FIG. 4 is a system diagram showing a conventional pressing control device.

[Explanation of symbols]

 1 Mill Roll 2 Variable Speed Motor 3 Magnifier 4 Displacement Detector 5 Cylinder 6 Movable Arm 7 Pressing Roll 8 Guide Roll 9 Film 10 Speed Detector 11 Rotation Speed Detector 12 Film Thickness Setting Device 13 Air Entrainment Setting Device 14 Winding Start signal 15 Variable damper 16 Adder / subtractor 17 Roll diameter calculator 18 Set reel diameter calculator 19 Core 21 Magnifier 22 Damper coefficient calculator 23 Push control device 24 Electric / pneumatic converter

Claims (2)

[Claims] 1. A method of controlling a pressure roll of a winder, wherein a roll of a film or the like formed by being wound around a winding core is pressed by the pressure roll while the roll is wound, and a damper is attached to the pressure roll. The pressing force of the winder is characterized in that the pressing force of the pressing roll is controlled to be substantially constant by adjusting the coefficient of the damper according to the roll diameter and the roll shape of the band-shaped material such as the film.
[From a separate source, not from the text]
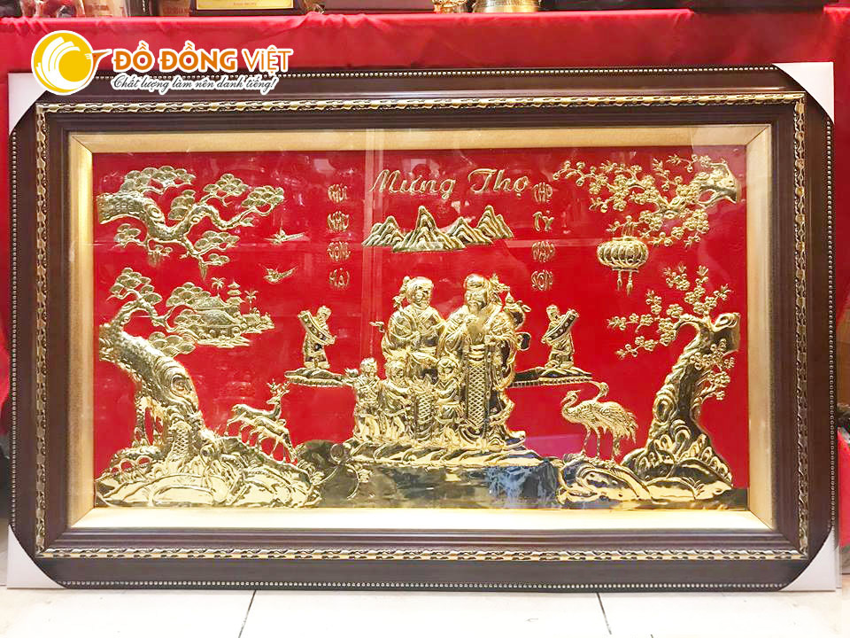 Tranh mừng thọ mạ vàng có 3 bản, đó là tranh mừng thọ cụ ông, tranh mừng thọ cụ bà và mừng thọ song cụ. Tranh có thể viết nội dung tùy ý theo yêu cầu. Đồ đồng Việt nhận làm tranh mừng thọ, nội dung chúc thọ theo yêu cầu của quý khách. Mỗi dịp đầu xuân năm mới, Mừng Thọ được coi là một trong những truyền thống tốt đẹp của người Việt Nam, thể hiện đạo lý “uống nước nhớ nguồn”.

Roll control method. 2. A pressing roll for pressing a roll of a band-shaped material such as a film wound around a winding core, a swinging arm for rotatably supporting the pressing roll, and a pressing roll connected to the arm. In a winder including a pressure adjusting device for adjusting a pressing force, the winder is engaged with the swing arm to prevent a pressing roll from being damped, and one roll of the film-shaped strip in a roll shape. A detector for detecting the amount of displacement per hit, and a damper coefficient calculation circuit for calculating the coefficient of the damper according to the roll diameter of the film-shaped band and the amount of displacement from the detector, and the roll diameter and roll shape. A press roll control device for a winder, wherein the coefficient of the damper is adjusted according to the above.